Countries with Relatively High Inflation
These charts show inflation rates in Brazil, China, and Russia.
Of these, Brazil and Russia experienced hyperinflation at some point between the mid-1980s and mid-1990s.
Though not as high, China and Nigeria also had high inflation rates in the mid-1990s. Even though their inflation rates have come down over the last two decades, several of these countries continue to see significant inflation rates. (Sources: http://research.stlouisfed.org/fred2/series/FPCPITOTLZGBRA; http://research.stlouisfed.org/fred2/series/CHNCPIALLMINMEI; http://research.stlouisfed.org/fred2/series/FPCPITOTLZGRUS)

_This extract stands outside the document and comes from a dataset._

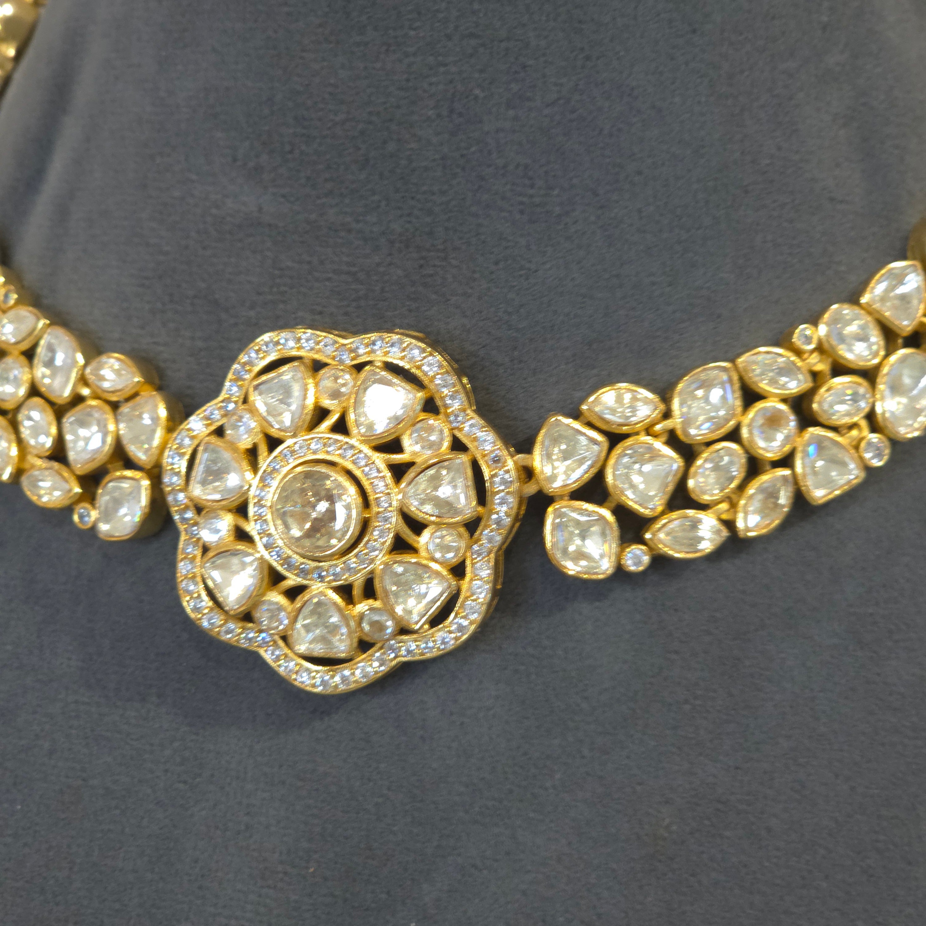 The Nancy moissanite polki set features a 22 kt gold plated necklace and earrings, expertly crafted from brass silver mixed metal alloy. The uncut moissanite polkies enhance it's Lustre and durability, while the screw-back earrings provide a secure fit, making this set ideal for both formal and casual occasions.

9.4 The Confusion Over Inflation
If other economic variables (prices, wages, and interest rates) do not move in sync with inflation, or if they adjust for inflation only after a time lag, then inflation can cause three types of problems:
unintended redistributions of purchasing power
blurred price signals
difficulties in long-term planning
Unintended Redistributions of Purchasing Power
People are hurt by inflation when:
they are holding cash
they have financial asset investments where the nominal return does not keep up with inflation (also can be exacerbated by taxes)
wages lag behind inflation
wage adjustments are often somewhat sticky and occur only once or twice a year.
they are a retiree receiving a private company defined pension
Ordinary people can sometimes benefit from inflation.
A borrower paying a fixed interest rate can end up better off, because they can repay their loans in dollars that are worth less than originally expected.
U.S. Minimum Wage and Inflation
After adjusting for inflation, the federal minimum wage dropped more than 30 percent from 1967 to 2010, even though the nominal figure climbed from $1.40 to $7.25 per hour.
Increases in the minimum wage between 2008 and 2010 kept the decline from being worse – as it would have been if the wage had remained the same as it did from 1997 through 2007. (Sources: http://www.dol.gov/whd/minwage/chart.htm; http://data.bls.gov/cgi-bin/surveymost?cu)
Blurred Price Signals
Prices are the messengers in a market economy, conveying information about conditions of demand and supply.
Inflation blurs those price messages.
Inflation means that we perceive price signals more vaguely, like static on the radio .
When the levels and changes of prices become uncertain, businesses and individuals find it harder to react to economic signals.
Problems of Long-Term Planning
Inflation can make long-term planning difficult.
Planning for retirement in unknown future dollar levels.
More time spent by businesses finding ways of profiting from inflation vs. less time spent on productivity, innovation, or quality of service.
U.S. Inflation Rate and U.S. Labor
Over the last several decades in the United States, there have been times when rising inflation rates have been closely followed by lower productivity rates and lower inflation rates have corresponded to increasing productivity rates.
As the graph shows, however, this correlation does not always exist.
9.5 Indexing and Its Limitations
Indexed – a price, wage, or interest rate is adjusted automatically for inflation.
Examples of indexing arrangements in private markets:
Cost-of-living adjustments (COLAs) – a contractual provision that wage increases will keep up with inflation.
Adjustable-rate mortgage (ARM) – a type of loan a borrower uses to purchase a home in which the interest rate varies with market interest rates.
Indexing in Government Programs
Examples of indexing arrangements in government programs:
The U.S. income tax code is designed so income levels where higher tax rates kick in are indexed to rise automatically with inflation.
The level of Social Security benefits increases each year along with the Consumer Price Index.
An indexed increase in the Social Security tax base accompanies the indexed rise in the benefit level.
U.S. government offers indexed bonds promising to pay a certain real rate of interest above whatever inflation rate occurs.